_Exercise directions_: Omit all pictures and transcribe only the lines in the entries below that run from the line with "スポット溶接は、2つの電極で" through the line with "Master Production Schedule".

_Data supplied_:
= Beginning of Section =
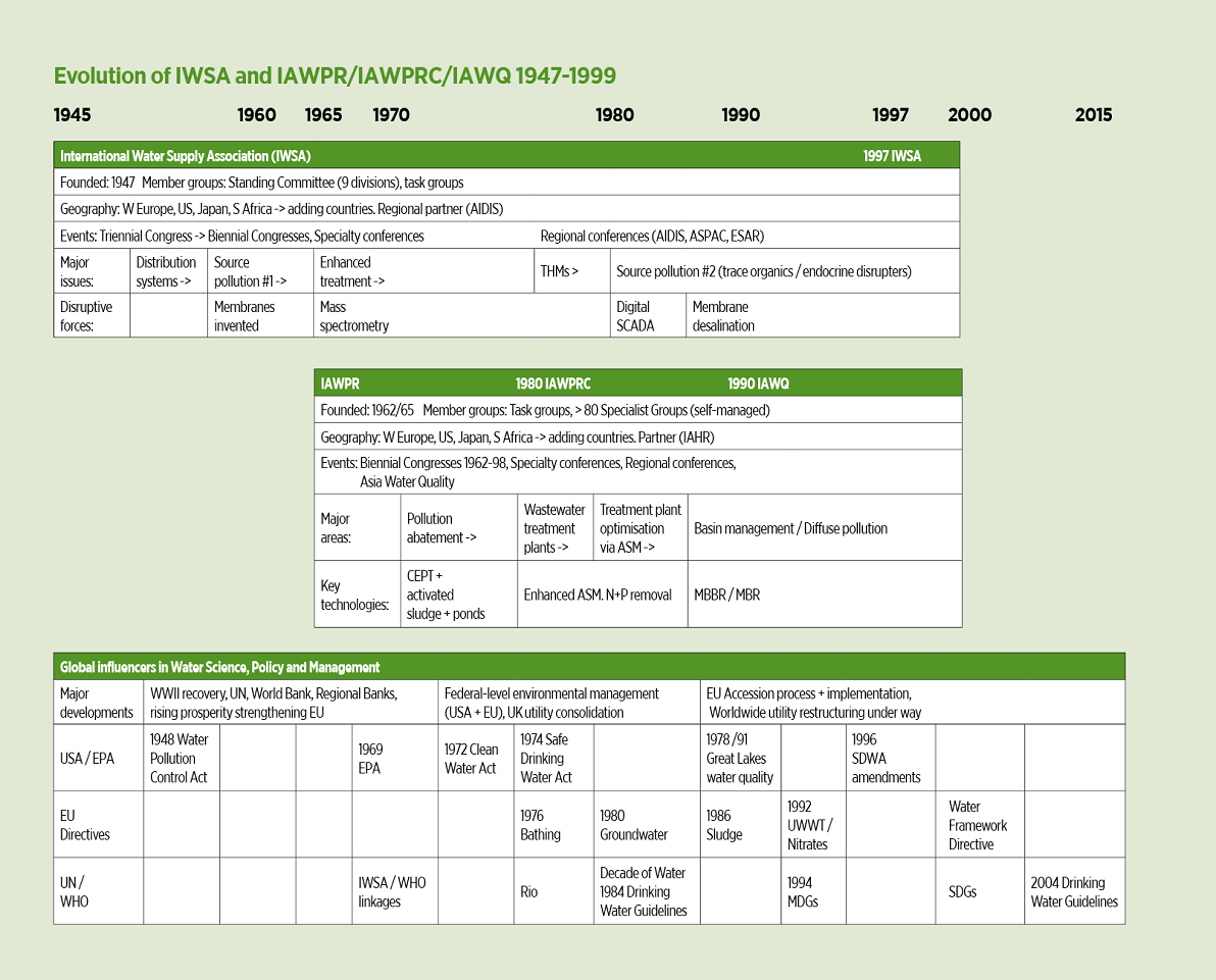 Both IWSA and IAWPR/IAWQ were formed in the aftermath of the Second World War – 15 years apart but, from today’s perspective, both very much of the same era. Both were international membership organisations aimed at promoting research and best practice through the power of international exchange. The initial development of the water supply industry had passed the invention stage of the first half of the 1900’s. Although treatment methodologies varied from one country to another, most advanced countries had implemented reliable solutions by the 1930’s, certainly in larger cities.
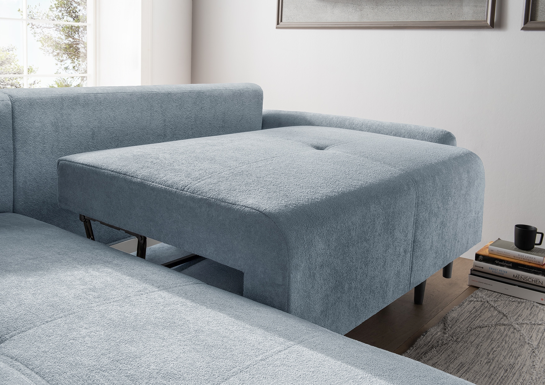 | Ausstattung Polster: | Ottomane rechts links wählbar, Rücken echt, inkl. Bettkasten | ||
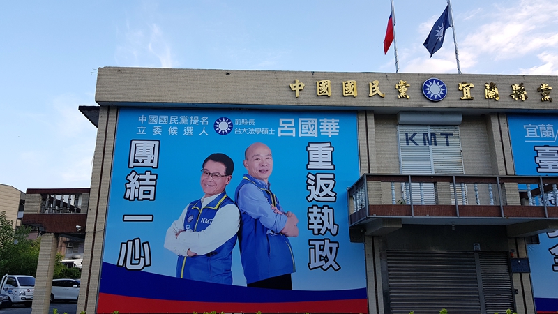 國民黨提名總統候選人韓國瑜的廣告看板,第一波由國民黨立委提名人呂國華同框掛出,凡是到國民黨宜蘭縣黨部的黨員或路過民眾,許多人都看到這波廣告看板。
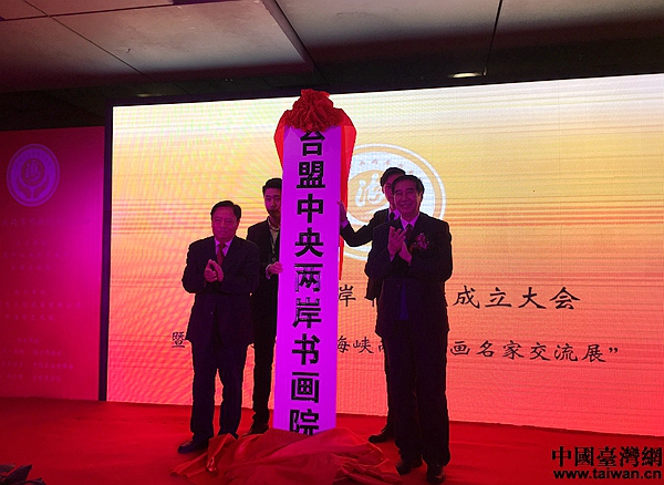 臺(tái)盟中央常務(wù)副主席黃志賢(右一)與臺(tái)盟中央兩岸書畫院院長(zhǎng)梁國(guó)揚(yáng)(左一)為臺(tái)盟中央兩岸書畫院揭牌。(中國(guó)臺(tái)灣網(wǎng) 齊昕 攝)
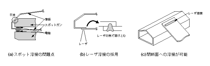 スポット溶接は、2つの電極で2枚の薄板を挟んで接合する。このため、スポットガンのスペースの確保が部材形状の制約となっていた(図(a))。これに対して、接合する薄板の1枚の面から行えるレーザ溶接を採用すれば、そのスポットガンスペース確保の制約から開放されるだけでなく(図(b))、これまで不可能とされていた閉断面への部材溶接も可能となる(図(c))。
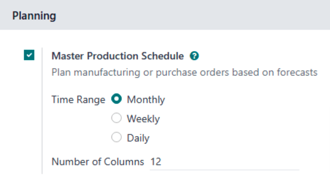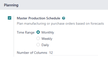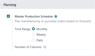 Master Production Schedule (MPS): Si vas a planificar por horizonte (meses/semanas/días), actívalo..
= End of Section =
= Beginning of Section =
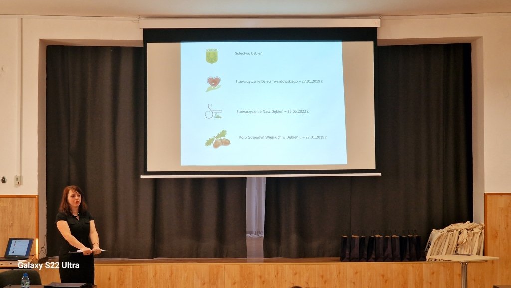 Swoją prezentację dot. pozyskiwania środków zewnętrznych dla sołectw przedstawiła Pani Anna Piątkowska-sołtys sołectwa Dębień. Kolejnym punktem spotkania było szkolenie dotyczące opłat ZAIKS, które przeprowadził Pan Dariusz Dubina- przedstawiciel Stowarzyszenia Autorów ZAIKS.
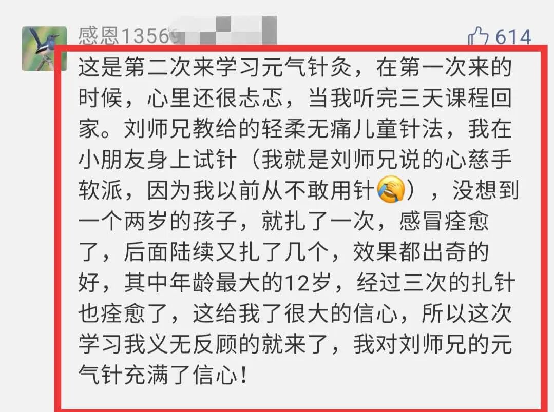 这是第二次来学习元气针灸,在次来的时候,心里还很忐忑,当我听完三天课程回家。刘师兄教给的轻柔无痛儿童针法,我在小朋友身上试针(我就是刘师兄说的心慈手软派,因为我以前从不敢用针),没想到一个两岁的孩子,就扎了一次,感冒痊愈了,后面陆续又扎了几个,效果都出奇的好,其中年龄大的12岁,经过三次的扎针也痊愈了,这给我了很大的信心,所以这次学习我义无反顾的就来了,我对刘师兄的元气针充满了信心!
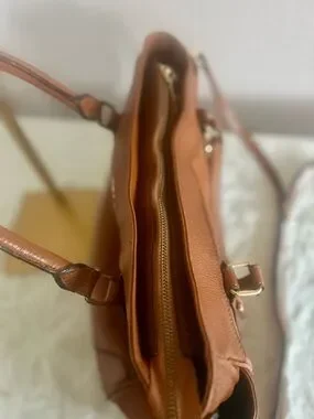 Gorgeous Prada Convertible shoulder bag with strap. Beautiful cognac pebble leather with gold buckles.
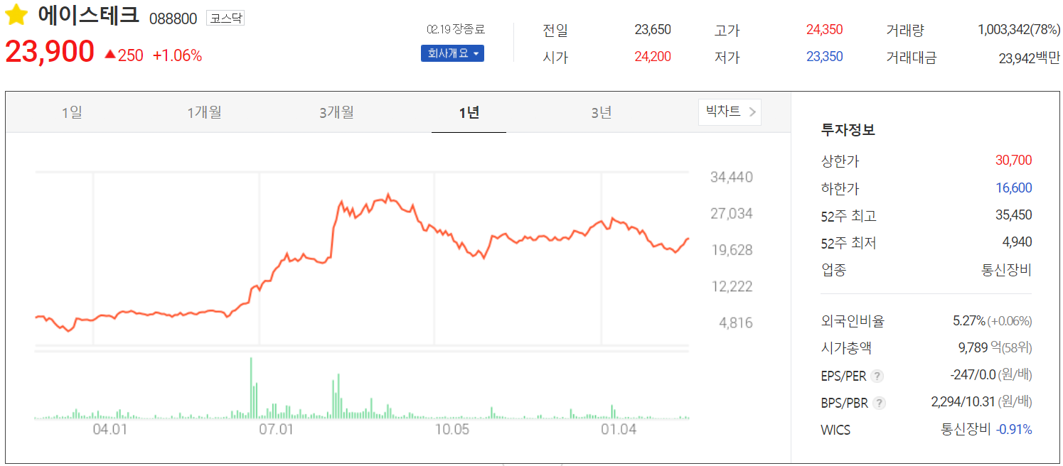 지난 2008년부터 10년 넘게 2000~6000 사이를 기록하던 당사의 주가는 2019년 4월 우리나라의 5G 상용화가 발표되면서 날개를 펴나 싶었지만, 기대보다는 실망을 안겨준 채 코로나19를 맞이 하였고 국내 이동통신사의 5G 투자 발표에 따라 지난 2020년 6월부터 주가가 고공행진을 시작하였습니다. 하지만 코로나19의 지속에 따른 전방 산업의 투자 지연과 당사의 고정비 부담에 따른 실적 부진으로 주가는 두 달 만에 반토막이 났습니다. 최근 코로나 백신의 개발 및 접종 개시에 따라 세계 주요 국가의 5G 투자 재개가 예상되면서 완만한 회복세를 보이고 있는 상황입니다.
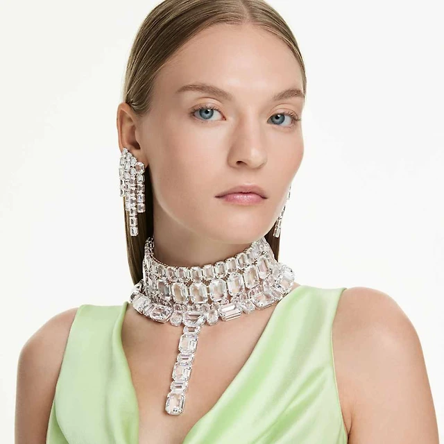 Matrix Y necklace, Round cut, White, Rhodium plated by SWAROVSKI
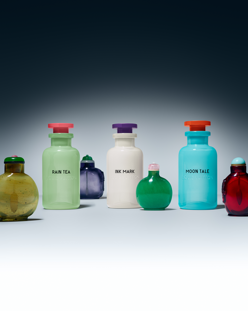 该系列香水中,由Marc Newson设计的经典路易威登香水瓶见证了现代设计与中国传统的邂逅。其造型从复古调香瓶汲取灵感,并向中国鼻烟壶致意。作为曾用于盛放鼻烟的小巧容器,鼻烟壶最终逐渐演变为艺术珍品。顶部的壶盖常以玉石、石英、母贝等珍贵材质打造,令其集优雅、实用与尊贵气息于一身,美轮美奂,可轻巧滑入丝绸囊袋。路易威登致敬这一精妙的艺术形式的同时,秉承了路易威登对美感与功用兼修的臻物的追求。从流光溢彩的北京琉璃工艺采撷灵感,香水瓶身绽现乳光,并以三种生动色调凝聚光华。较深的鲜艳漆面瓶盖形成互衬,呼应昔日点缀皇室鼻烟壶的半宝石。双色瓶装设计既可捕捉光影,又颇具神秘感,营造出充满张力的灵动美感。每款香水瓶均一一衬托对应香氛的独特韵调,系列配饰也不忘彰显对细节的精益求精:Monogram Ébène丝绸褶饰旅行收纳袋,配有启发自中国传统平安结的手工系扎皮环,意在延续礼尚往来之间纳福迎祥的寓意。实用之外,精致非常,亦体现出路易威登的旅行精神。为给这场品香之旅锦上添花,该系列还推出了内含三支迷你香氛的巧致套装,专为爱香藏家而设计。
= End of Section =
= Beginning of Section =
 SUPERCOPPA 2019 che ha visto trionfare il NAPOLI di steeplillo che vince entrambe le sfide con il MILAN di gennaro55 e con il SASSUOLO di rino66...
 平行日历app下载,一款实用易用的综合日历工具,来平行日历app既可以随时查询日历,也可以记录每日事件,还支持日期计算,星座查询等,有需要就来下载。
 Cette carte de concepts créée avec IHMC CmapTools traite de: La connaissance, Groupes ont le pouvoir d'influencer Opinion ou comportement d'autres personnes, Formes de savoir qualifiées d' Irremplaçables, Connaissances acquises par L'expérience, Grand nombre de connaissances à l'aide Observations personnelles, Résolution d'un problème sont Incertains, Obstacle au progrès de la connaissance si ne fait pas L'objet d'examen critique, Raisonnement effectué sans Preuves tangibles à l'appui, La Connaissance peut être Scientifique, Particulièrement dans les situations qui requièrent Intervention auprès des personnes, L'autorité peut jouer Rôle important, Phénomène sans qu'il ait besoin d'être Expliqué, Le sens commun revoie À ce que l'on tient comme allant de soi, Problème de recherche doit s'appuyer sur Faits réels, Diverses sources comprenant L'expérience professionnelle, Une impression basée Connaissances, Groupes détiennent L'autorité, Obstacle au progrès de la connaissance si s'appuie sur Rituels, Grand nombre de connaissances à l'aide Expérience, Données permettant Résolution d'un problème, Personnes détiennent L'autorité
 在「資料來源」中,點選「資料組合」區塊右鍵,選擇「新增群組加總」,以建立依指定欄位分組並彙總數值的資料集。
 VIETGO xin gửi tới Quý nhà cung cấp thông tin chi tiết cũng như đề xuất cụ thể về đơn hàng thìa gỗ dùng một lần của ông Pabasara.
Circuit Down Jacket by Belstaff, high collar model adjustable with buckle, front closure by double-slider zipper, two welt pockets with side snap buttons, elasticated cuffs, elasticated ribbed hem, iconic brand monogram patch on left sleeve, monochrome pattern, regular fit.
= End of Section =
_Answer to the problem_:
 スポット溶接は、2つの電極で2枚の薄板を挟んで接合する。このため、スポットガンのスペースの確保が部材形状の制約となっていた(図(a))。これに対して、接合する薄板の1枚の面から行えるレーザ溶接を採用すれば、そのスポットガンスペース確保の制約から開放されるだけでなく(図(b))、これまで不可能とされていた閉断面への部材溶接も可能となる(図(c))。
 Master Production Schedule (MPS): Si vas a planificar por horizonte (meses/semanas/días), actívalo..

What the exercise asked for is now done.